## RECORDS TO PROCESS
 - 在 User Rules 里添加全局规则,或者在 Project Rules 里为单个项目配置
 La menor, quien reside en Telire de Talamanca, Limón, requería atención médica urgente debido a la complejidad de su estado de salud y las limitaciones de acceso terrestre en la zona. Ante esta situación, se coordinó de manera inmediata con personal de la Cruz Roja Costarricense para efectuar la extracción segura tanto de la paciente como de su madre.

--

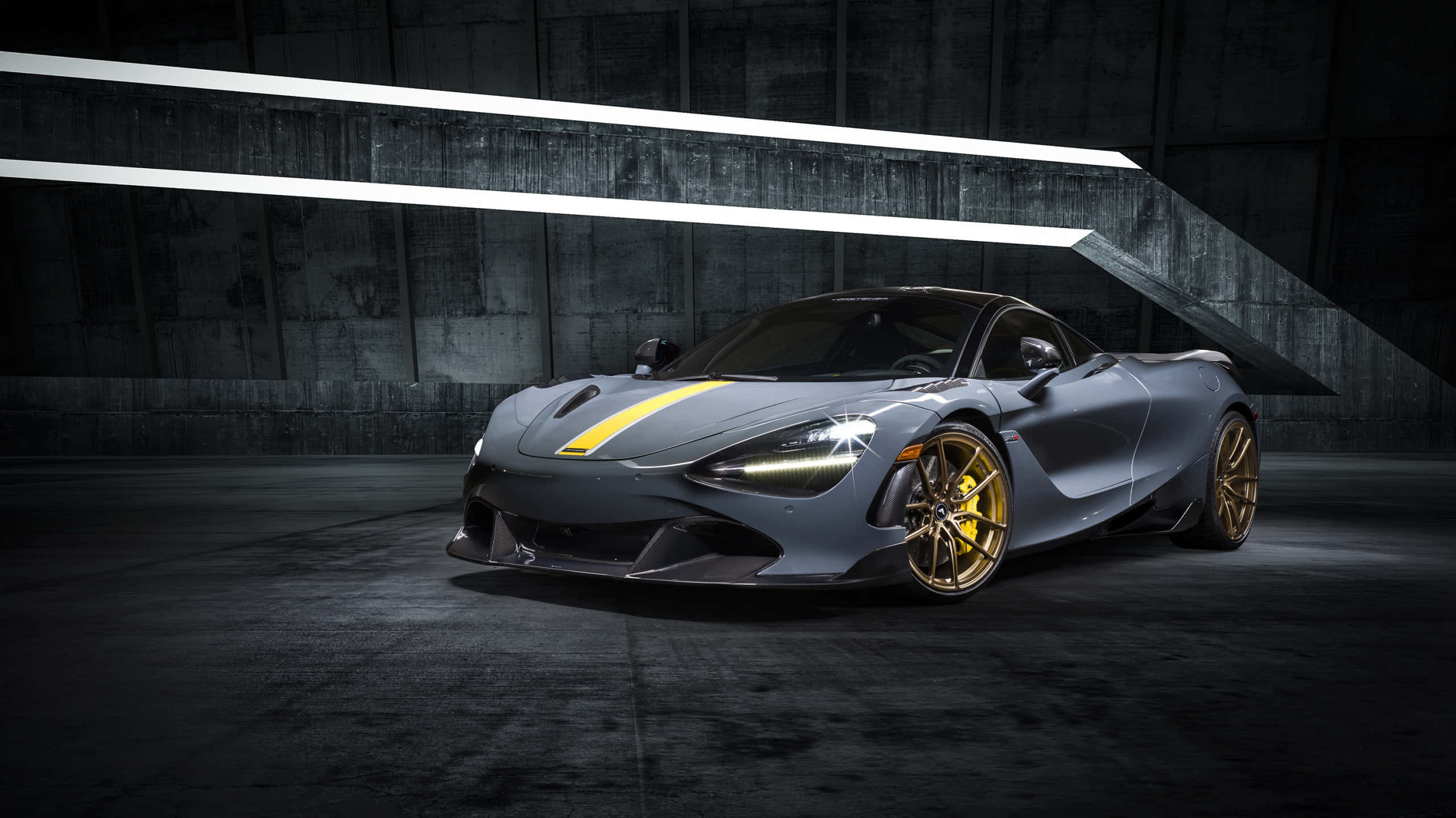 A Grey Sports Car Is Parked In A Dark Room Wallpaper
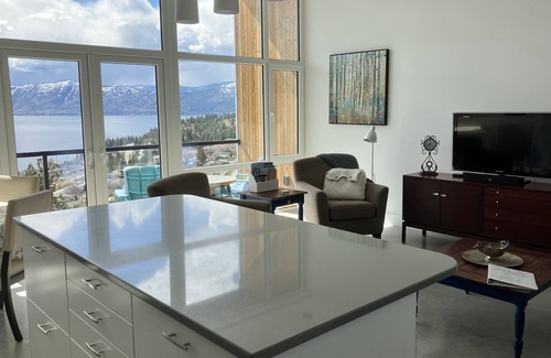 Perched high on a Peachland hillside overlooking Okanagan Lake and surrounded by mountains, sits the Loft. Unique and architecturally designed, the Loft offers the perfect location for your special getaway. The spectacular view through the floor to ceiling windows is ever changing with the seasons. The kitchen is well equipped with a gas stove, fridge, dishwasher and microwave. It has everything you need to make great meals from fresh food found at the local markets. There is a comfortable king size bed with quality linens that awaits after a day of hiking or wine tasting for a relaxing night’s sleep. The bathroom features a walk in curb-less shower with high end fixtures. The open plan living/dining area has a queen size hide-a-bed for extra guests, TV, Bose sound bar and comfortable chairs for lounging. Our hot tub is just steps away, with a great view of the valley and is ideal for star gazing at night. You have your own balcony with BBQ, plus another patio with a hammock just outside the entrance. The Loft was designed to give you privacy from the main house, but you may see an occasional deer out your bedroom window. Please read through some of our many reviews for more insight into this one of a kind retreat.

## ASSIGNED TASK
Print the lines above from the one with "- 在 User Rules" through the one with "La menor, quien", both included, exactly as written and nothing more.

## RESPONSE BELOW
 - 在 User Rules 里添加全局规则,或者在 Project Rules 里为单个项目配置
 La menor, quien reside en Telire de Talamanca, Limón, requería atención médica urgente debido a la complejidad de su estado de salud y las limitaciones de acceso terrestre en la zona. Ante esta situación, se coordinó de manera inmediata con personal de la Cruz Roja Costarricense para efectuar la extracción segura tanto de la paciente como de su madre.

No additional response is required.